Work request: Set the images aside and retype the whole listing exactly.

Supplied material:
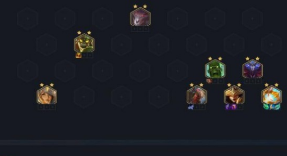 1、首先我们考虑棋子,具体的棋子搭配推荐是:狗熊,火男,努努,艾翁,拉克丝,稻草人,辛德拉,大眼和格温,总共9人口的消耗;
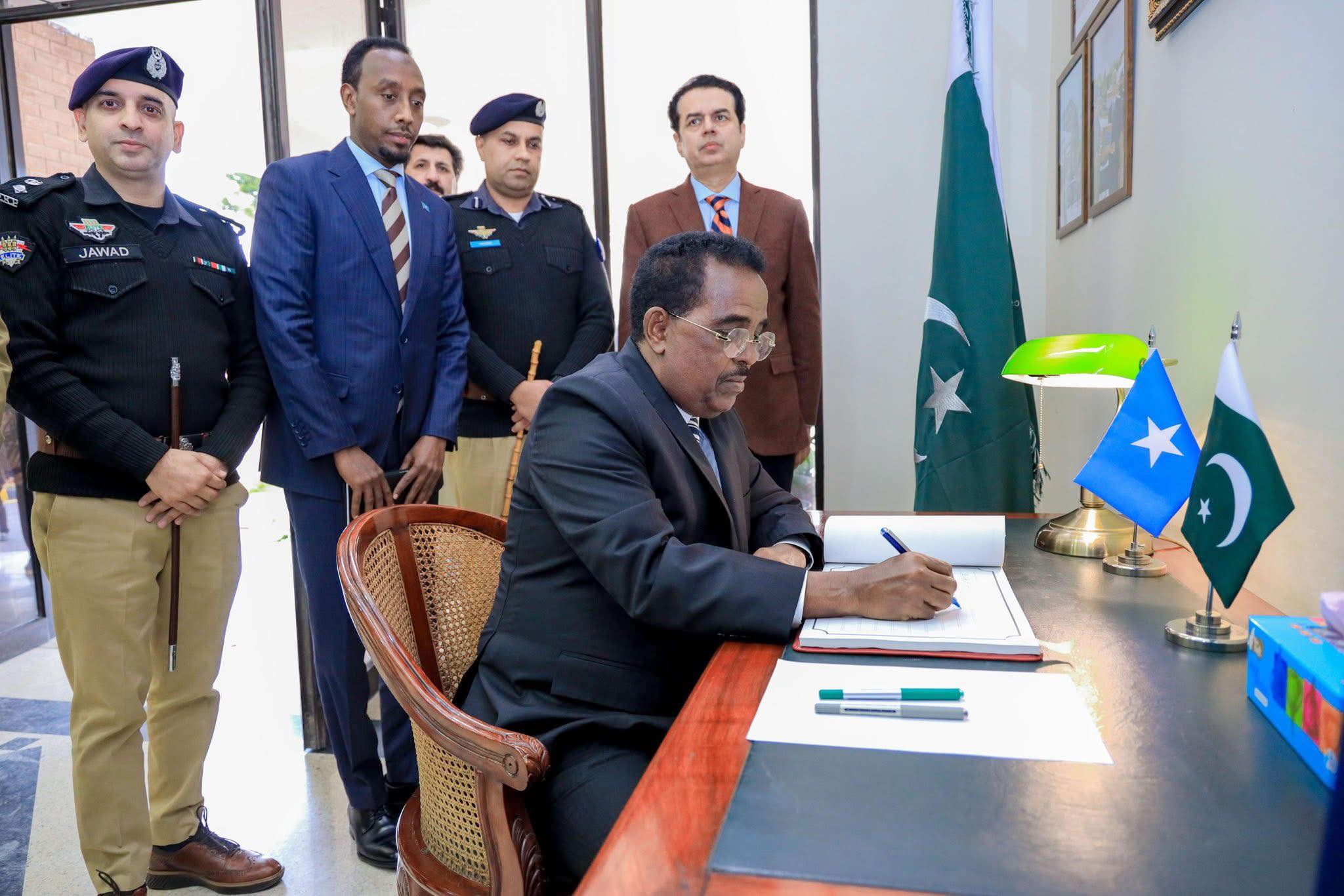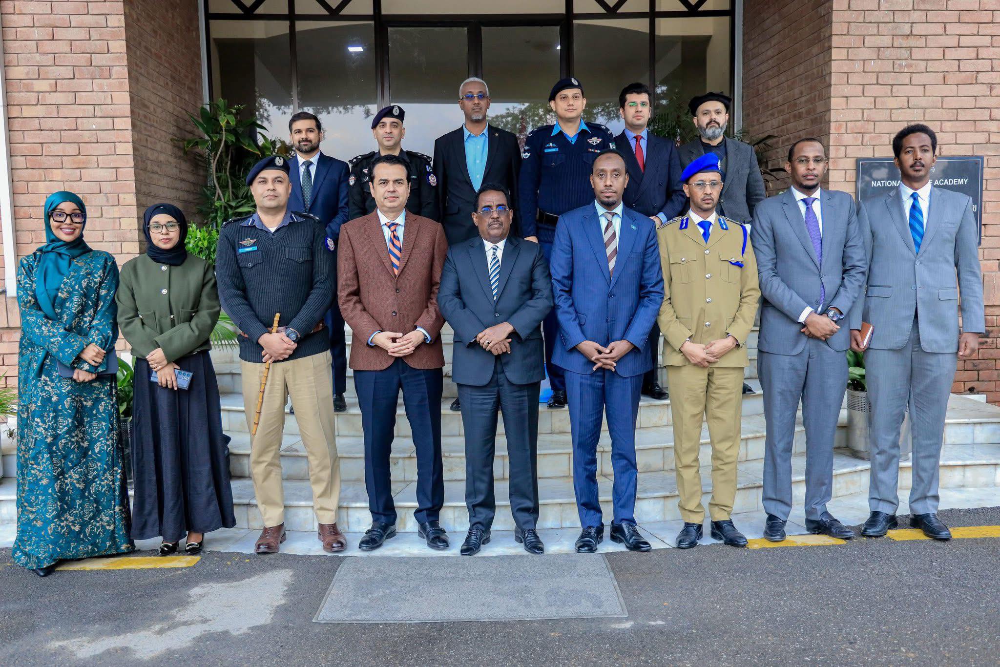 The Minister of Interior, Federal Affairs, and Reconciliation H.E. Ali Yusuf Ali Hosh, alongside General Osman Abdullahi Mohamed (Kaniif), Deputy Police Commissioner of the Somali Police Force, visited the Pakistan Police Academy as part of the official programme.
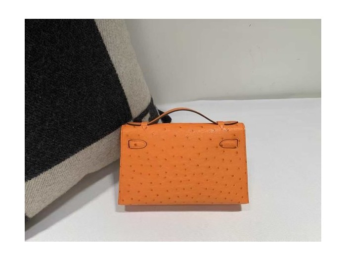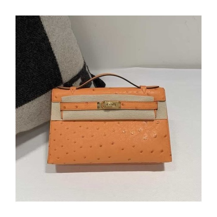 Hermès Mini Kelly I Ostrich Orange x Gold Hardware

Output:
 1、首先我们考虑棋子,具体的棋子搭配推荐是:狗熊,火男,努努,艾翁,拉克丝,稻草人,辛德拉,大眼和格温,总共9人口的消耗;
 The Minister of Interior, Federal Affairs, and Reconciliation H.E. Ali Yusuf Ali Hosh, alongside General Osman Abdullahi Mohamed (Kaniif), Deputy Police Commissioner of the Somali Police Force, visited the Pakistan Police Academy as part of the official programme.
 Hermès Mini Kelly I Ostrich Orange x Gold Hardware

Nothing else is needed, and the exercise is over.